**PROBLEM DETAILS**
When you reach the line containing "20 TAHUN USAHA", begin reproducing the material exactly, stop after the line containing "Wool, silk and", and leave out any pictures along the way.

**EXERCISE DATA**
# # # # # # #

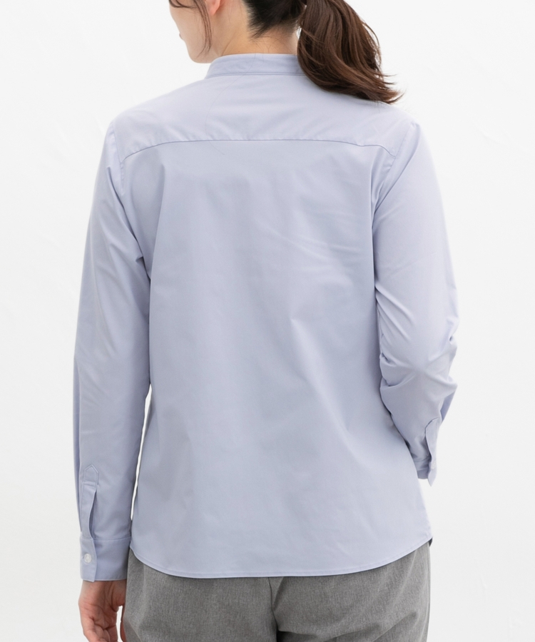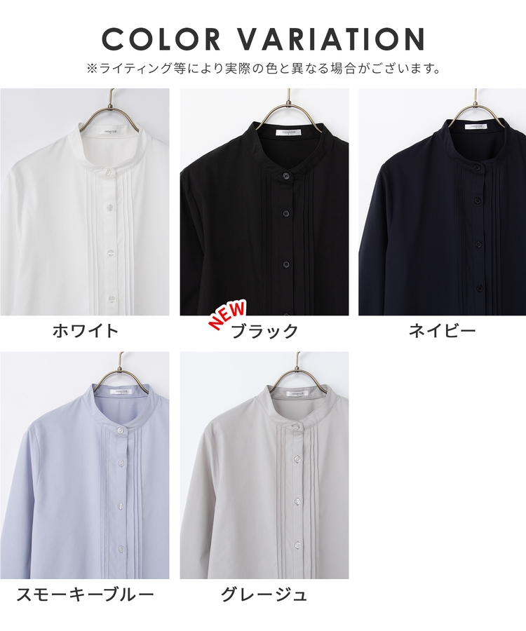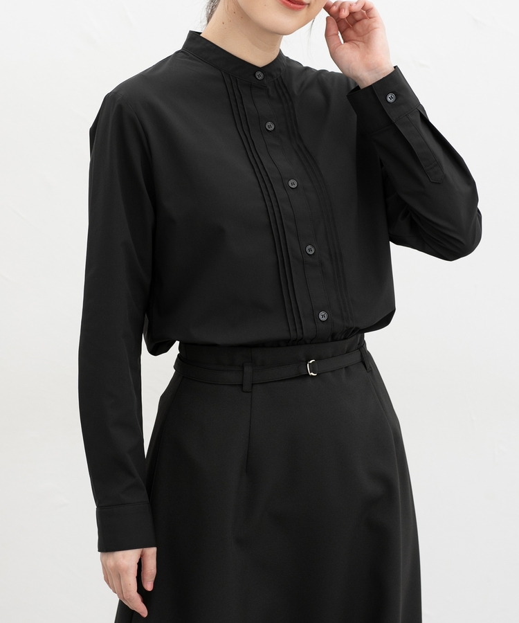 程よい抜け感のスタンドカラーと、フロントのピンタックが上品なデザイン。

# # # # # # #

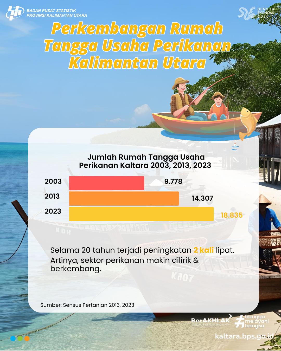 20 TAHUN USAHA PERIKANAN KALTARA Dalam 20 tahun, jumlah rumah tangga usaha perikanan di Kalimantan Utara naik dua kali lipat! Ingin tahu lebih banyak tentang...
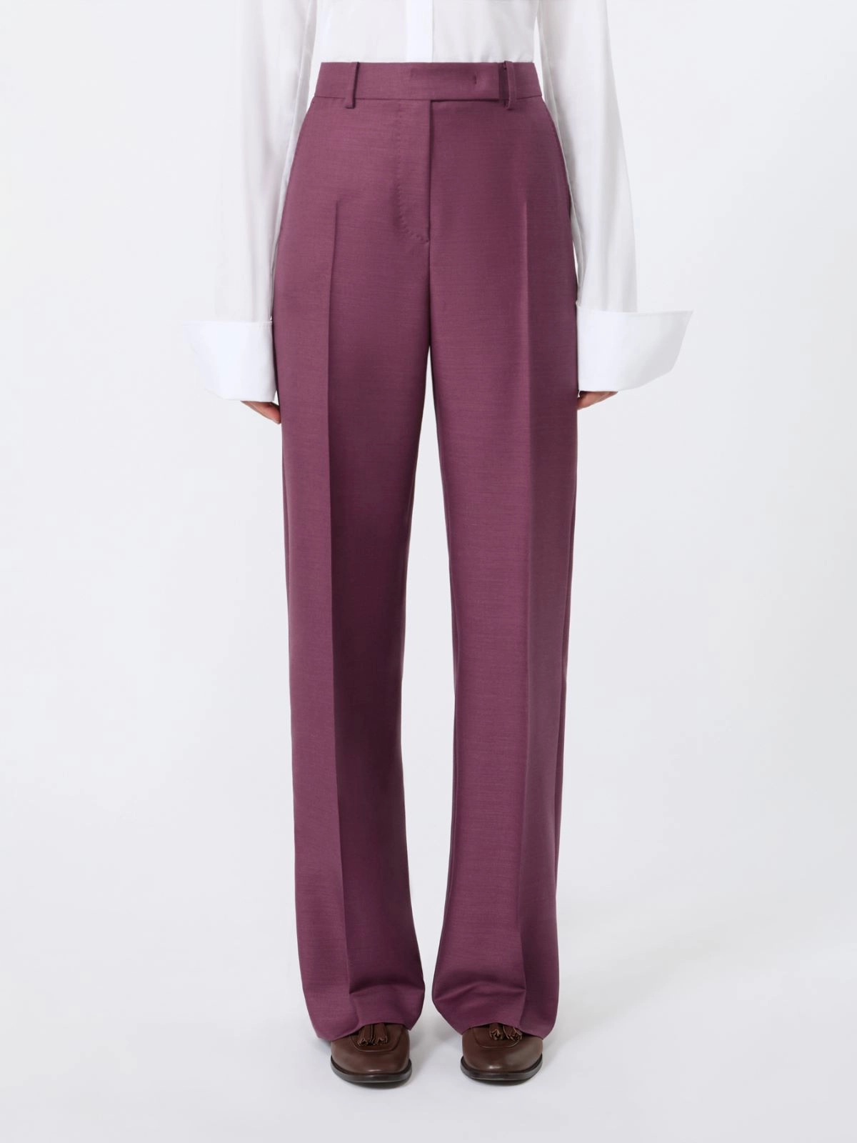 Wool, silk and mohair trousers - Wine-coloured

# # # # # # #

**TASK RESPONSE**
 20 TAHUN USAHA PERIKANAN KALTARA Dalam 20 tahun, jumlah rumah tangga usaha perikanan di Kalimantan Utara naik dua kali lipat! Ingin tahu lebih banyak tentang...
 Wool, silk and mohair trousers - Wine-coloured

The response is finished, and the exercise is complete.